California Sees Up To 27% of Fraudulent Unemployment Claims During COVID
When the Canadian Government set up the CERB program in the Spring of 2020, speed was its main focus. Canadians were losing their job to government-mandated lockdowns, and they needed to put food on the table. The Government opted for a very simple form that took seconds to fill out, hosted on the Canada Revenue Agency’s (CRA) website.
Throughout 2020 we reported on how this simple CERB process could be abused by malicious actors. At first, CERB fraud was not all that interesting for fraudsters. They needed to gain access to CRA accounts one by one, with a potential payout of only $2,000. As the months passed by, and CERB got extended, fraud value increased and became a significant issue; in the last days of the program, fraudsters could claim up to $14,000 per victim.
There is no denying the level of excitement that fraudsters expressed towards the CERB program. In the message below, a fraudster boasts on Telegram that even grandmothers (grannies) are taking advantage (hitting) of the CERB program. The fraudster also claims that fraud is so rampant that only those that made over $100,000 will probably be prosecuted. And even then…
This perception of impunity is echoed in many other messages on Telegram.
Some shared their disappointment in not profiting from CERB fraud. In the message below, the fraudster whines that he is one of the few that did not earn money (cash out) on this scheme.

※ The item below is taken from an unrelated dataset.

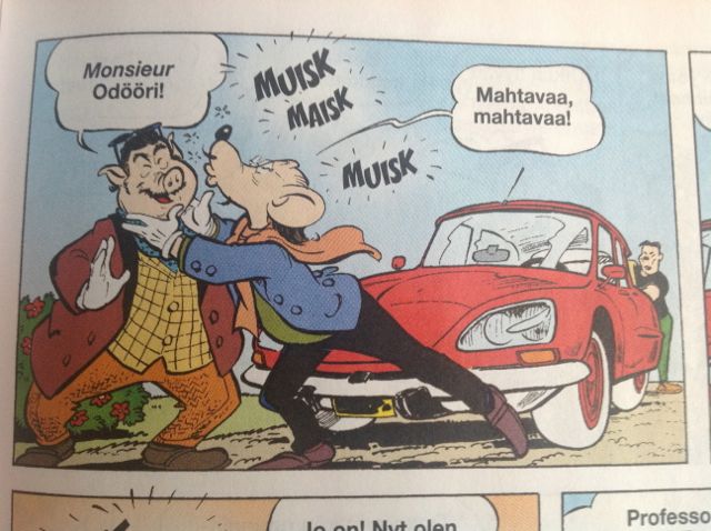Lemon kirjoitti: Uudessa Aku Ankassa  Monsieur Odööri tulee punaisella vinosilmällä Lemuzzarella-juuston maisteluun. Tämä on kyllä lehti eikä kirja, niin et offtopikiksi meni taas  On se toinenkin auto tunnistettavissa.

While these messages clearly point towards endemic fraud levels in the CERB program, how much fraud has really taken place? The California case provides a first and worrying glimpse into fraudulent activity levels we could expect with CERB. AP News reports:
California Labor Secretary Julie Su told reporters in a conference call Monday that of the $114 billion the state has paid in unemployment claims, about 10% — or $11.4 billion — have been confirmed as fraudulent. Nearly $20 billion more — another 17% — is considered suspicious, and a large part of that could be found to be fraud, she said.
Overall, it appears that up to 27% of payments in California’s government aid program could be tied to fraud. If the same level of fraud is applied to Canada’s $82 billion CERB program, this could mean that between $8 billion and $22 billion were paid out in fraudulent claims.
A leverage effect
Fortunately for those in need, the CERB program was designed to provide funding to everyone who applied. Fraudulent claims did not take money away from anyone; they only added up to the costs of the program. In that sense, no Canadian was left behind.
However, putting millions of dollars – if not billions – of tax money in fraudsters’ pockets is worrying. Canadians work hard for their money, and have shown great solidarity to those in need. If this tax money is wasted on fraudulent claims, support for future programs could decrease and jeopardize the health and security of those who need help.
Fraudsters could use the CERB payments received to bolster their criminal infrastructure, tools and teams. With so much money being handed to them, fraudsters could afford to purchase more sophisticated malware, hire teams of hackers to target hardened organizations, gain access to proxies and other online resources. These could raise the threat profile of Canadian fraudsters and make them even more capable. This is perhaps the most significant impact of CERB fraud, and one we will need to include in our threat forecasts for the Canadian market.
Without a doubt, the Government had to act fast when it launched the CERB program. Efficiency almost always comes with a security cost, and the CERB program was no different. With the CRA sending out tax forms for CERB payments, in the coming weeks we may be able to evaluate how the situation in Canada compares to that of the U.S. and California.